Topographic streamline analysis

The Streamlines project provides a suite of Python tools to study the structure of surface-water flow on large digital terrain models (DTMs). It takes the form of a Python 3 package, called slm, which uses numba and PyOpenCL to speed up processing, along with some demo Jupyter/IPython notebooks, and a custom set of open-source lidar DTM data files for the notebooks to work on.

Warning

This documentation is a work in progress. Recent deployments of OpenCL acceleration and splitting of the git repo are being incorporated now.

The novelty of the Streamlines method lies in how it computes the convergence and divergence of terrain driven flow. Instead of taking the usual, flow-routing approach at the pixel-scale, it traces topographic streamlines at a sub-pixel resolution and then processes them to compute useful properties such as drainage density and hillslope length distributions.

The streamlines are derived in the fluid dynamics sense by treating the gradient vector field of the terrain as a 2D pattern of conservative (zero divergence) steady flow. Flow trajectories are integrated across this vector field from (generally) every DTM grid cell not just in the downstream direction, but also upstream. The pixel-densities of up-streamlines and down-streamlines, together with their stream length distributions, are then computed at the DTM grid resolution. It turns out that important geometric and topological properties of the landscape are revealed by analyzing these properties. In particular, they help reveal: (1) channel heads and terminations (e.g., on alluvial fans), (2) channel density, and (3) hillslope length.

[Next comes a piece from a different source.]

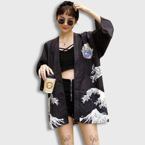 Omarm een originele stijl met een Aziatische kimono in streetwear stijl. Perfect voor de Japanse Harajuku mode maar ook geschikt voor de Koreaanse Hallyu stijl. Deze kimono is een lichte en comfortabele Koreaanse blouse voor een trendy look.

_images/Guadalupe_example1.png

A key innovation in Streamlines is a tool to overcome non-zero-divergence artefacts that arise when a DTM is preconditioned by having its sinks and pits filled. Pit filling is required of any DTM that is to be loaded into and processed by Streamlines – much as any flow routing software requires. The problem is that if the gradient vector field of a ‘corrected’ DTM is computed at the grid resolution, there will inevitably be places (particularly at single-diagonal-outflow pixels adjacent to filled pits) where gradient vectors appear to converge. If the DTM could be corrected at a sub-pixel resolution (such as by resolving an outflow channel), this convergence probably would not occur. Rather than attempting such sub-pixel trickery prior to calculating the gradient vector field at an oversampled resolution, algorithms (see the preprocess module) that overcome the artefacts are applied directly the gradient field at the DTM grid resolution. These algorithms require some tuning to overcome all such errors.

Technical stuff

Note

Mapping streamlines across a large DTM from every pixel is a cumbersome task, both in terms of processing and in memory use. Two big steps have been made to speed up the code so that, RAM permitting, very large DTMs can be analyzed.

The first step was to deploy Numba to accelerate the rate-limiting (2nd order Runge-Kutta) integration code. A boost in speed of around 135x was achieved. Given what is known of the efficiency of Numba, this boost brought the Python code within a factor of 1–5 of the speed we would see in a version hard-coded in C/C++ [1], [2], Fortran [3], etc.

The challenge with Numba is that it’s deceptively easy to apply: just slap on an @jit decorator to your slow function or method, and bingo! it goes faster. However, for the JIT compilation to really work its magic the function in question needs to be tranformed into a rather non-pythonic form: divested of objects, as strongly typed as possible, and stateless. The up-side to neutering the code like this is that it is excellent preparation for the next step…

The second step was (and is ongoing) to deploy PyOpenCL and to adapt the Runge-Kutta integration code into a GPU-compute form. This effort was not as tough as expected, since migration to Numba entailed conversion to a form of Python rendered it easy to translate into OpenCL. Currently, this GPU-accelerated version of Streamlines is about 1500x faster than the raw, Pythonic, original Python code. Further optimizations are expected to boost the speed further.

Getting started

Running the code

Streamlines workflow can be carried out in several ways:

Controlling the workflow

Streamlines computation and analysis is controlled by supplying workflow parameters and (optionally) command line arguments. The parameters are contained in JSON files that are loaded at the beginning of operations.

First, default parameter values are assigned by parsing the defaults.json file located in the streamlines package directory. Second, a ‘job’ parameters file is parsed that overrides the default values where needed. Third, key workflow parameters may be assigned when invoking Streamlines computation from the command line or with an explicit Python call from a script or notebook. Such options override the JSON-parsed values.

Here is an example sequence of files in which parameters are assigned and streamline computation, postprocessing and plotting are carried out:

More substantial demo analyses can be found in IndianCreek_Test2.ipynb and GuadalupeMtns1.ipynb. Rather bigger DTM analyses are illustrated in GuadalupeMtns2.ipynb, GuadalupeMtns3.ipynb and IndianCreek3.ipynb.